Engineering Contradictions & Design Principles
Engineering Contradiction Analysis
1Reliability
If multiple data sources and information streams are integrated in the operating room, then the completeness and accuracy of medical information is improved, but the complexity of the system and the cognitive load on operators increases
Solution Approach 1:
The system segments the complex information integration task into distinct functional modules: data acquisition module, data fusion module, context analysis module, and presentation module. Each module handles specific aspects of information processing, making the overall system more manageable and less overwhelming for operators while maintaining comprehensive data integration.
Solution Approach 2:
An artificial intelligence agent acts as an intermediary between multiple data sources and operators. This AI intermediary automatically integrates, synchronizes, and interprets data from diverse sources (imaging systems, physiological monitors, electronic health records), presenting synthesized information to operators without exposing the underlying complexity of data integration.
2Loss of information
If real-time data from multiple sources is presented to operators, then the completeness of information is improved, but the difficulty of detecting and measuring relevant information increases
Solution Approach 1:
The system applies local quality by providing customized information presentations tailored to each operator's role, preferences, and current task context. Different operators receive different subsets and formats of information based on their specific needs, making information detection easier while maintaining overall completeness.
Solution Approach 2:
The AI agent dynamically changes information presentation parameters based on surgical context, including timing, format, level of detail, and modality. Information is transformed from raw data streams into context-relevant presentations, reducing the difficulty of detecting and measuring relevant information while preserving completeness.
3Reliability
If operators manually integrate information from multiple sources, then the accuracy of decision-making is improved, but the time required for information processing and surgical throughput decreases
Solution Approach 1:
The system performs preliminary actions by pre-integrating and organizing information from multiple sources before operators need it.
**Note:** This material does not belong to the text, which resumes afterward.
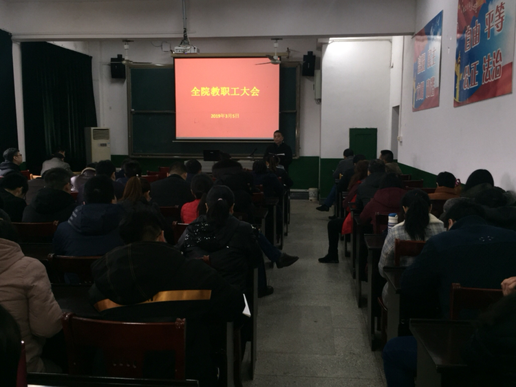 3月5日下午,yl23455永利官网新学期第一次全体教职工大会在二教319会议室召开。全体院领导、教职工参加会议,会议由院党委书记谢胜文主持。

The AI agent continuously synthesizes data, prepares context-aware presentations, and anticipates information needs, allowing operators to make accurate decisions without spending time on manual integration, thus improving surgical throughput.
Solution Approach 2:
The system implements feedback loops where the AI agent continuously monitors surgical progress, operator actions, and data streams, automatically adjusting information presentation and integration strategies. This real-time feedback maintains decision-making accuracy while automating time-consuming integration tasks, improving overall surgical throughput.
Data Source
AI summary
An artificial agent based cognitive operating room system and a method thereof providing automated assistance for a surgical procedure are disclosed. Data related to the surgical procedure from multiple data sources is fused based on a current context. The data includes medical images of a patient acquired using one or more medical imaging modalities. Real-time quantification of patient measurements based on the data from the multiple data sources is performed based on the current context. Short-term predictions in the surgical procedure are forecasted based on the current context, the fused data, and the real-time quantification of the patient measurements. Suggestions for next steps in the surgical procedure and relevant information in the fused data are determined based on the current context and the short-term predictions. The suggestions for the next steps and the relevant information in the fused data are presented to an operator.